In the tutorial (Transfer Learning for Computer Vision Tutorial — PyTorch Tutorials 1.11.0+cu102 documentation), why do we set set_grad_enabled when we predict in train? When phase == “val”, the grad is disabled. My question is does the statement “_, preds = torch.max(outputs, 1)” generate different results mathematically or logically? Why do I need to disable or enable grad when predicting in train/val phases?
with torch.set_grad_enabled(phase == 'train'):
outputs = model(inputs)
_, preds = torch.max(outputs, 1)
loss = criterion(outputs, labels)
# backward + optimize only if in training phase
if phase == 'train':
loss.backward()
optimizer.step()
You would disable the gradient computation during the validation phase to save memory by avoiding storing the intermediate forward activations, which would be needed to compute the gradients.
A more aggressive optimization might be achieved via with torch.inference_mode() which would disable the view tracking and version counter bumps additionally.
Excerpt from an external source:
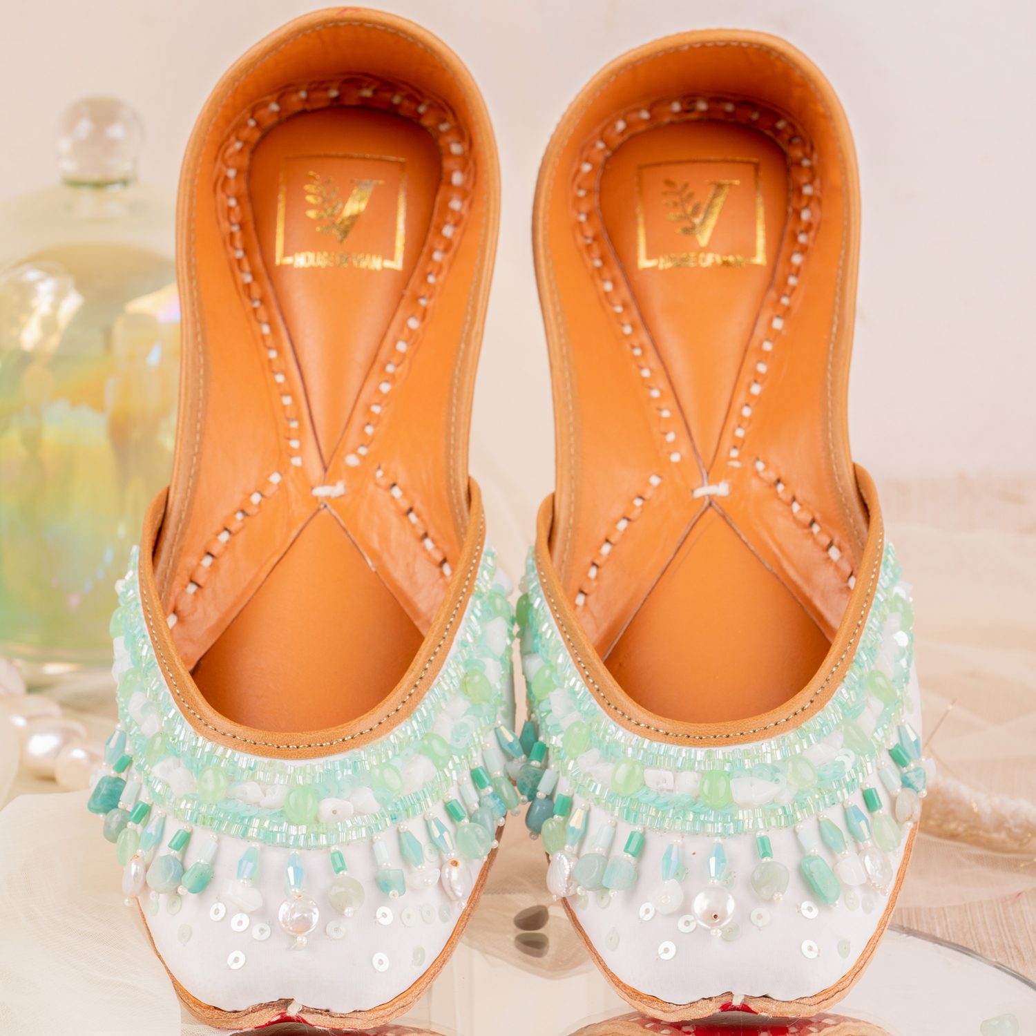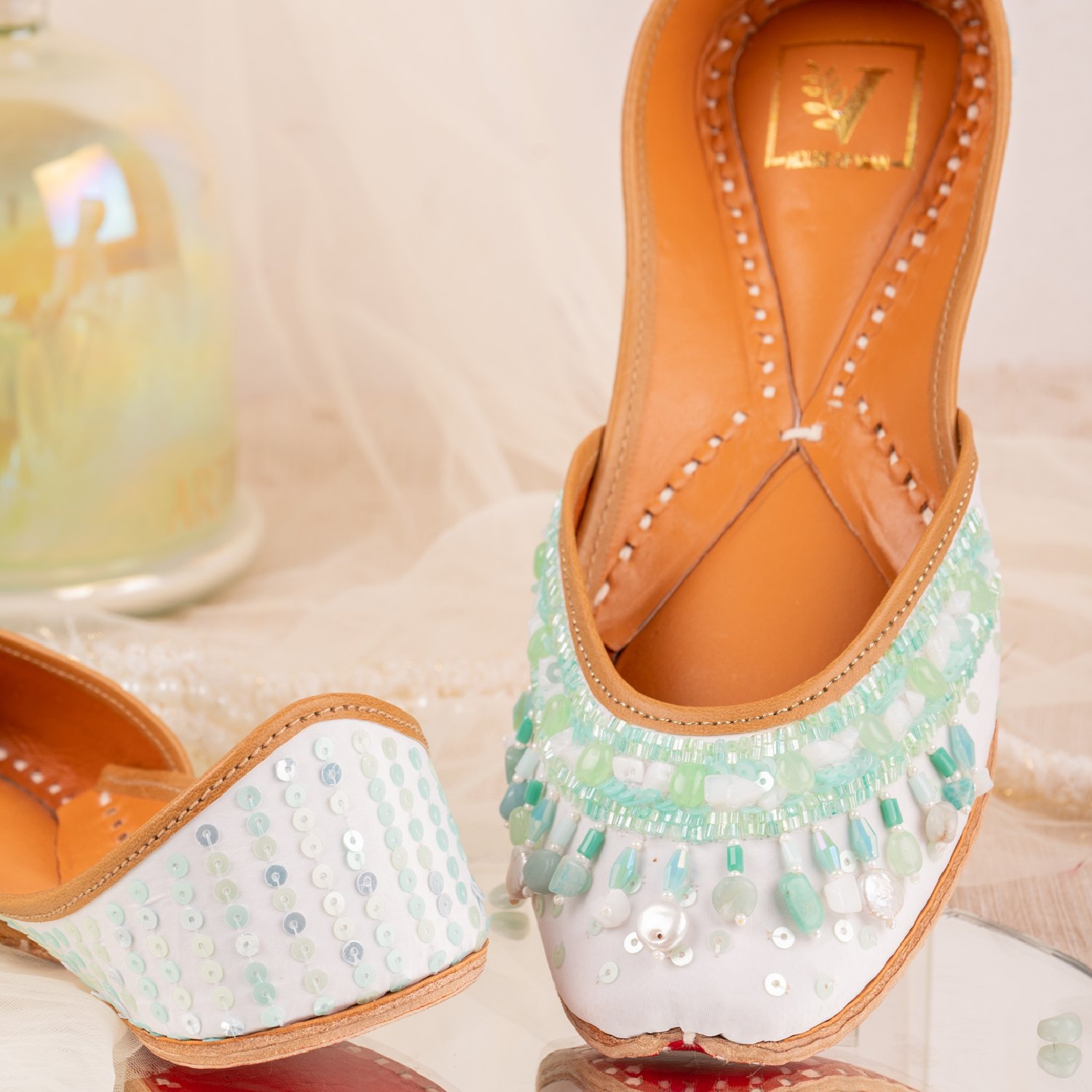 Crafted from high-quality crepe material in a white shade, these juttis feature real freshwater pearls, sequins, and beads, adding a subtle sheen to the look. The leather lining and pure leather sole ensure style and durability. Style them with a green kurta and a sling bag for weddings or festivities.

I am not sure if it makes sense to disable grad when pred results in train to safe memory? I mean during the train session, only disable grad when pred. Does it impact train pred results?
outputs = model(inputs)
with torch.no_grad():
_, preds = torch.max(outputs, 1)
loss = criterion(outputs, labels)
I.e. wrapping the max operation only into the no_grad guard?
If so, then I would probably .detach() the output instead as the code looks a bit cleaner to me, but the no_grad guard should also work.
The pred output will not be changed as explained before, as disabling the grad calculation will only save resources.